* Exercise goal *
When you reach the line containing "漆によるかぶれ、色落ち、艶が" in the entries below, start writing out each line exactly, and stop after the line containing "비정제 탄수화물을 섭취하기".
== Dataset excerpts
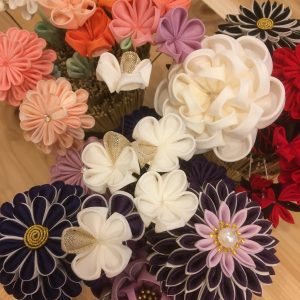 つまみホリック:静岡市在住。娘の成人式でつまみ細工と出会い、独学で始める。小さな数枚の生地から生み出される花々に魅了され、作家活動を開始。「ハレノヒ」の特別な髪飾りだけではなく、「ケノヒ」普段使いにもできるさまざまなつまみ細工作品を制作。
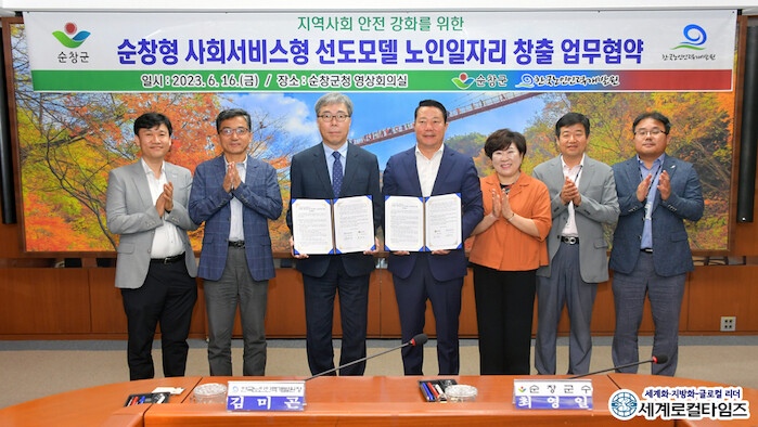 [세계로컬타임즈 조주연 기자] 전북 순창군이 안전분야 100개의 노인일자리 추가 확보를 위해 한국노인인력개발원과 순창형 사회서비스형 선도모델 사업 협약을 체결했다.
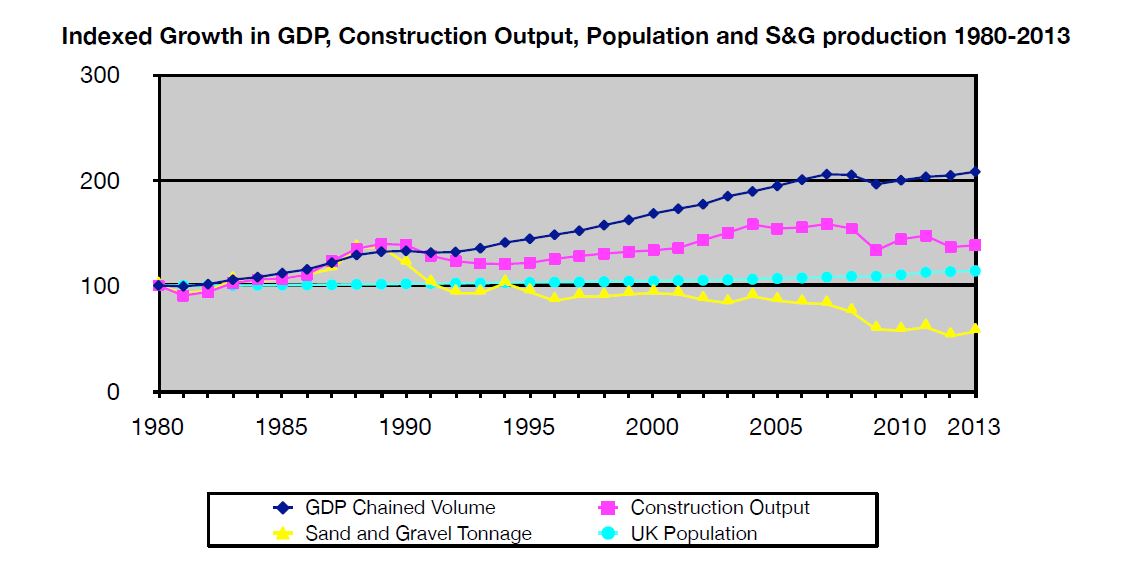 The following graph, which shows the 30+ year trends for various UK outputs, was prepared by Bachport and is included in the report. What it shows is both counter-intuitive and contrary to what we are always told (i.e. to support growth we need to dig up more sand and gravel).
====
== Dataset excerpts
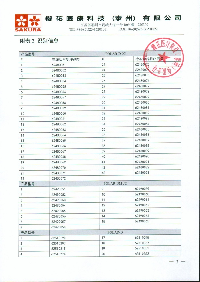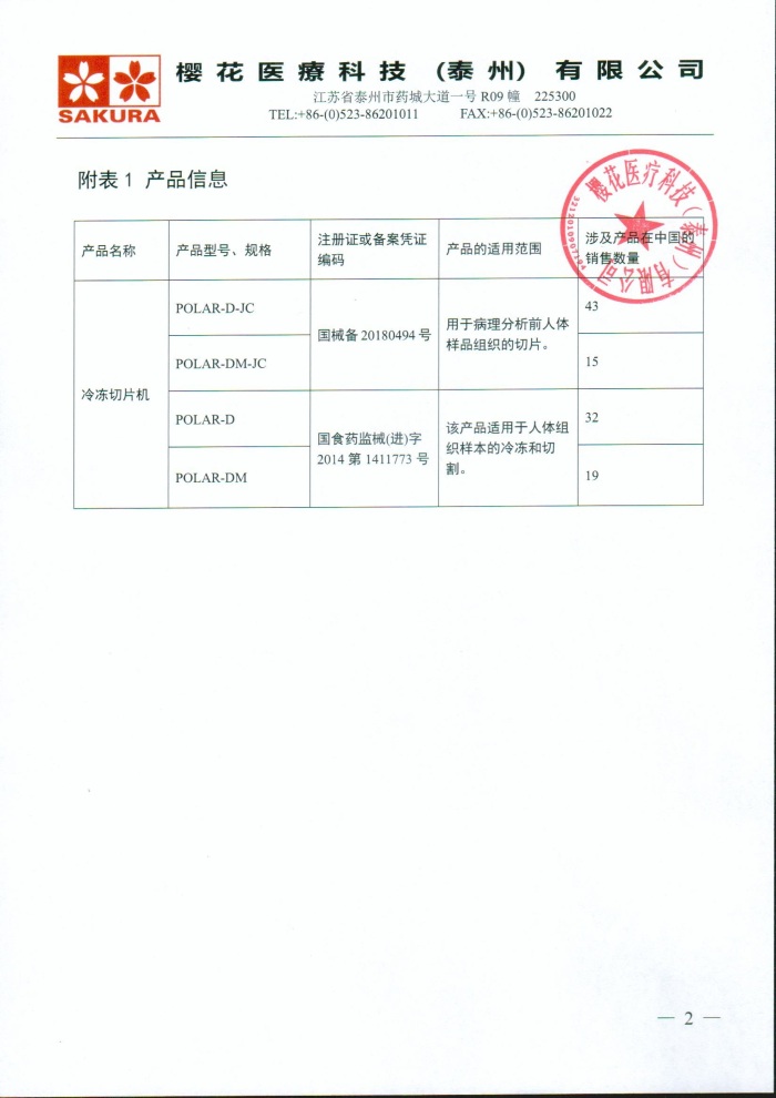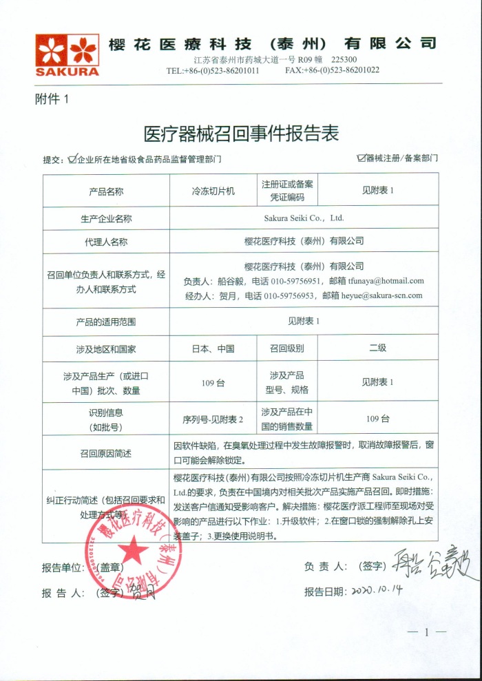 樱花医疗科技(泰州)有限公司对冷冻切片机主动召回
====
== Dataset excerpts
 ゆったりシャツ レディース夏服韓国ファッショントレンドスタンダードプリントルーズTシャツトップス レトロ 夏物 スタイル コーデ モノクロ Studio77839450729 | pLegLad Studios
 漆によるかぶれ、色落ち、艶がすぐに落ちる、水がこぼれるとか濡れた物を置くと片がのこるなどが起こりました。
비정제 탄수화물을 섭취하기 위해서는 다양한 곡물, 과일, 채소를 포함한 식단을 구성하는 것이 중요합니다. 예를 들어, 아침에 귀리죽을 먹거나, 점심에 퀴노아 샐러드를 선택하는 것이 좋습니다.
====
* Your response *
 漆によるかぶれ、色落ち、艶がすぐに落ちる、水がこぼれるとか濡れた物を置くと片がのこるなどが起こりました。
비정제 탄수화물을 섭취하기 위해서는 다양한 곡물, 과일, 채소를 포함한 식단을 구성하는 것이 중요합니다. 예를 들어, 아침에 귀리죽을 먹거나, 점심에 퀴노아 샐러드를 선택하는 것이 좋습니다.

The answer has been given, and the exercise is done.